Our implementation of SAFe occurred shortly following an organisational restructure in which I had been appointed to lead a newly formed organisation that was the amalgamation of three interwoven groups: two Program Management functions and a Solution Design & Build team that supplied people to the programs. These groups were also augmented with an outsourced offshore build and test capability. This newly consolidated EDW delivery organisation operated under multiple SDLCs – ranging from agile to waterfall, depending on which group was executing the delivery effort. For the sake of everyone’s sanity, my first order of business was to settle on a single SDLC.
Having had some exposure to improvements in business outcomes enabled by more agile delivery approaches, I was keen to move all EDW delivery in this direction. As I have talked about in previous posts, I was concerned about our ability to coordinate across multiple teams and after reading Dean Leffingwell’s Scaling Software Agility, I decided to transform my multi-SDLC organisation into a single Agile Release Train. To do this, I needed the leadership of my new team to buy in to the concept.

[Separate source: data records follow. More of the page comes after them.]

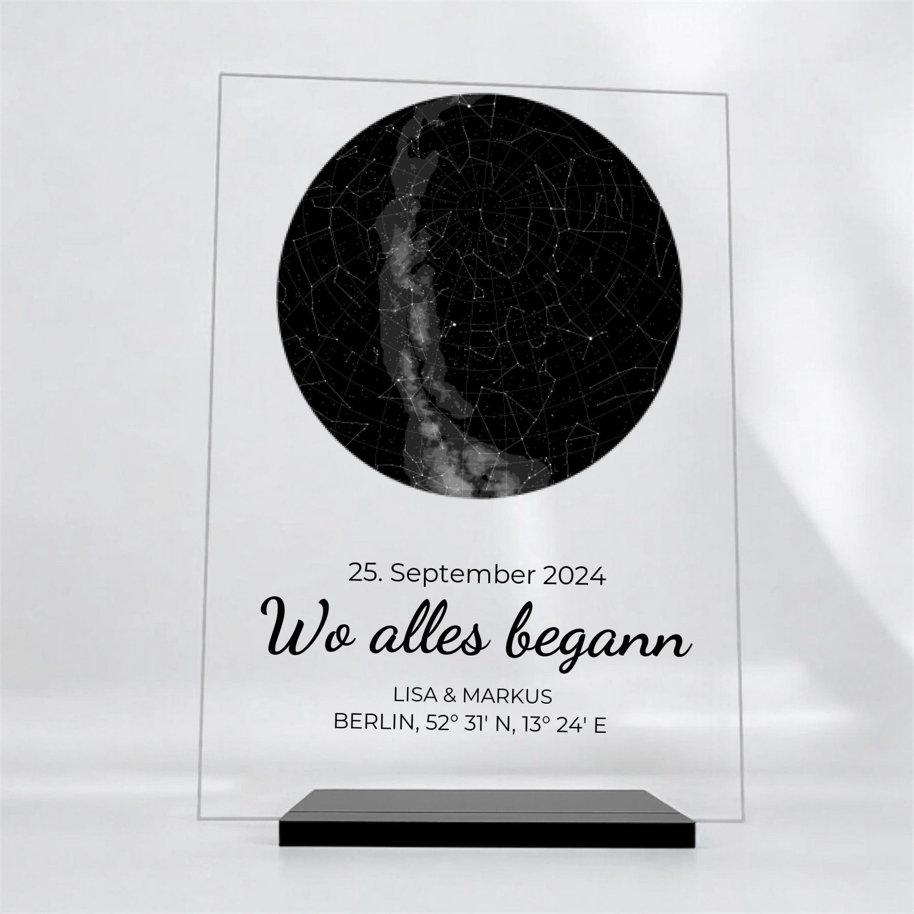 Haltet euren magischen Moment fest: Dieses edle Acrylglas-Display in A4 Größe zeigt den Sternenhimmel genau zu eurem Datum und Ort – als runde Himmelskarte mit Titelzeile, Namen und Koordinaten. Ein zeitloses Erinnerungsstück für erstes Date, Verlobung, Hochzeit oder den Tag, an dem sich alles verändert hat.
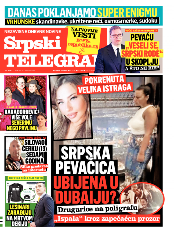 Naslovna strana Srpskog telegrafa za 27.01.2024.
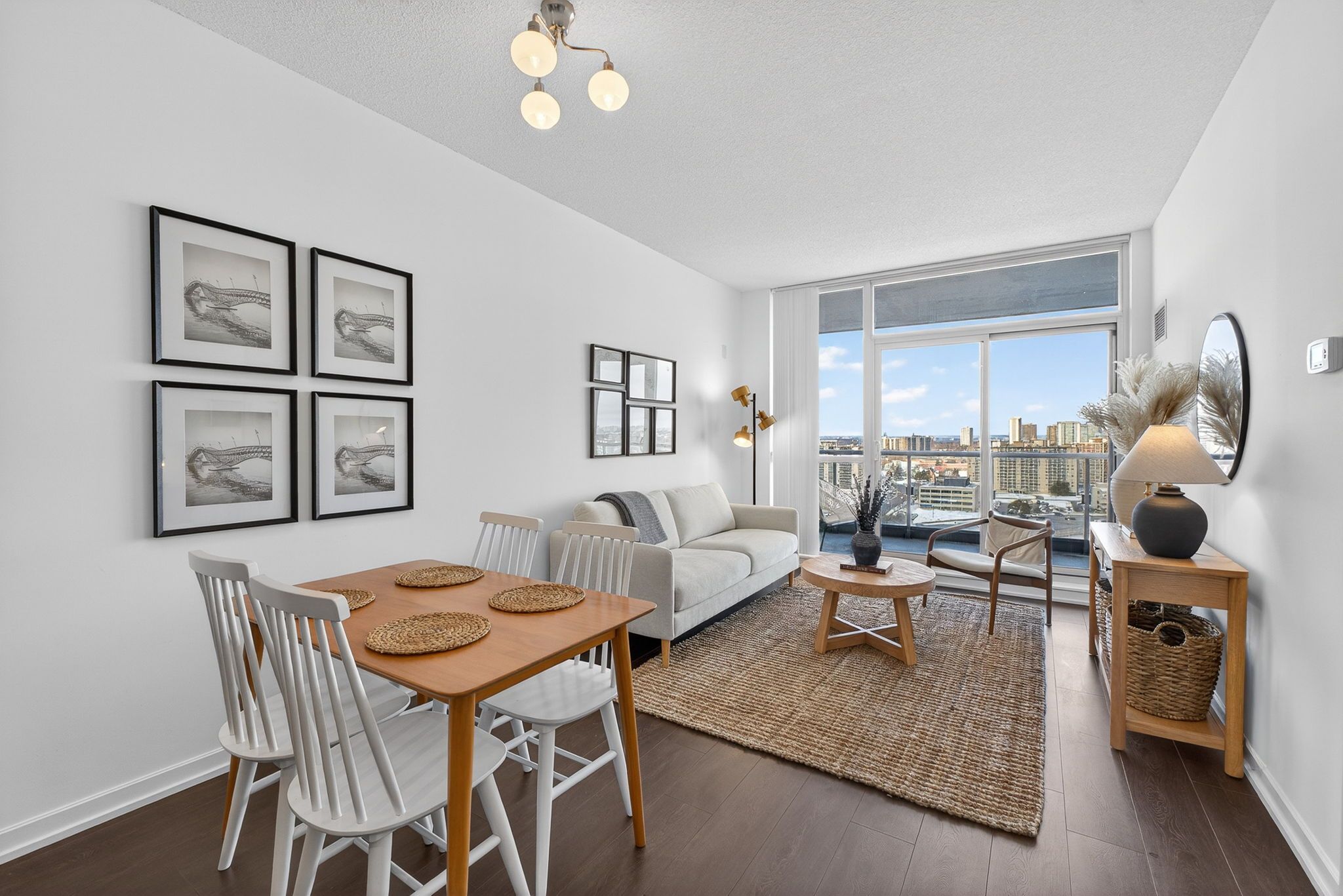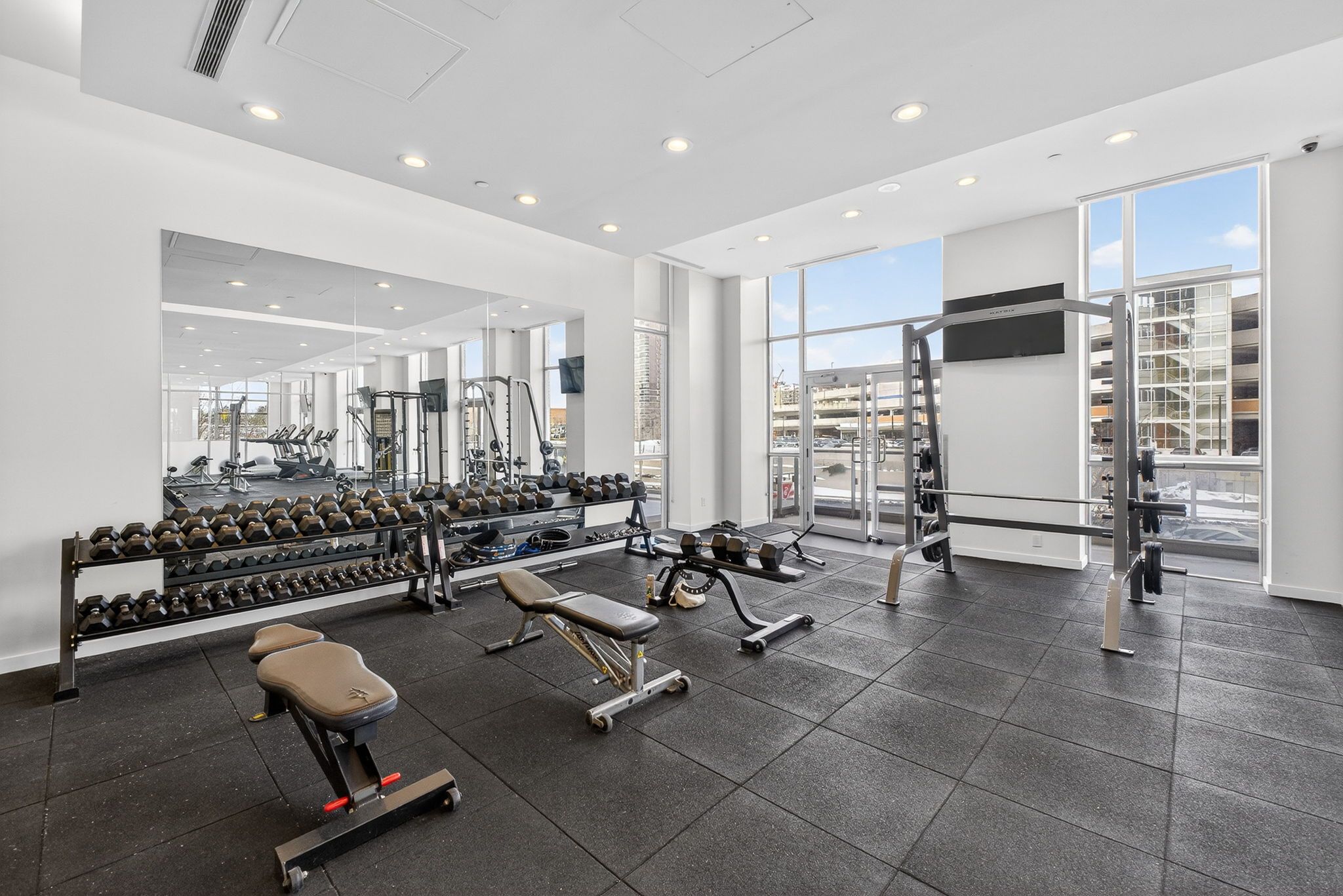 • Floor-to-ceiling windows and 9-foot ceilings fill the space with natural light.

The first problem we had to solve was how to organise. Our guidebook, Dean Leffingwell’s Agile Software Requirements contained material on key roles and groups but didn’t go so far as to suggest an organisational structure. With support from our Agile Coach, I ran several workshops with my extended leadership team talking about the Scaled Agile Framework and how we might organise ourselves into an Agile Release Train. (These sessions were later followed up through the formation of our first book club.)

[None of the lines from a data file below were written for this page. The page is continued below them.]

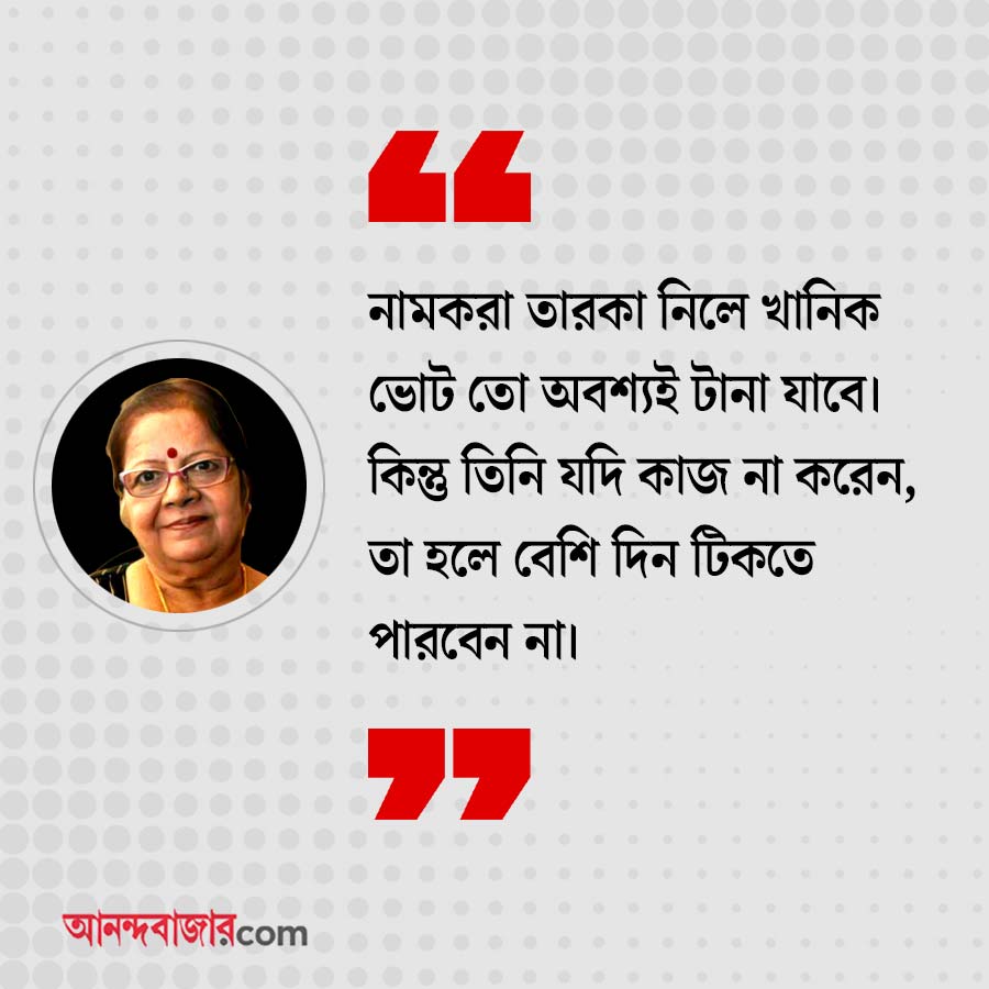 লিলি: নামকরা তারকা নিলে খানিক ভোট তো অবশ্যই টানা যাবে। কিন্তু তিনি যদি কাজ না করেন, তা হলে বেশি দিন টিকতে পারবেন না।
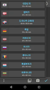 그 외에 캐나다, 인도 같은 많은 나라들의 증명사진이나 비자사진 사이즈 템플릿이 많습니다. 여권사진 크기 전체 목록이 애플리케이션에 있습니다.
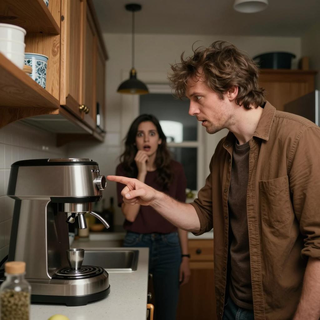 Man with disheveled hair in brown shirt points a large kitchen appliance at a woman in the background. Kitchen setting with wooden cabinets, shelves, and hanging lights. Woman looks startled. Dark, cluttered atmosphere. Two people. Man's intense expression.

We decided that the five most mature agile teams would become the EDW Agile Release Train and we would work to transition the other teams into the train over time. We landed on a target organisational structure consisting of five groups:
- Pipeline Services – Get the right stuff on the train
- Development Services – Deliver the right stuff to the station on time
- Deployment Services – Get the stuff off the train
- Transition Services – Get teams ready to join the train
- Enterprise Services – Help the train operate within a mostly waterfall enterprise.
Reaching consensus on an organisational structure proved more difficult than I had anticipated. The two major sticking points were the organisational alignment of the system team and the distinction between Pipeline and Enterprise Services. The debate regarding the system team oscillated between them being part of Development Services or part of Deployment Services, with a majority vote rather than consensus resulting in them starting life as part of Deployment Services. While this has occasionally caused us pain from an uptake perspective, overall I would say it has been a successful model. One of the main benefits has been the focus the system team gets from from not having to share a line manager with the six feature teams. With respect to Enterprise Services, it ended up a moot point with the Department PMO group offering to provide those functions as a service to us, agreeing that Pipeline Services belonged with the Release Train.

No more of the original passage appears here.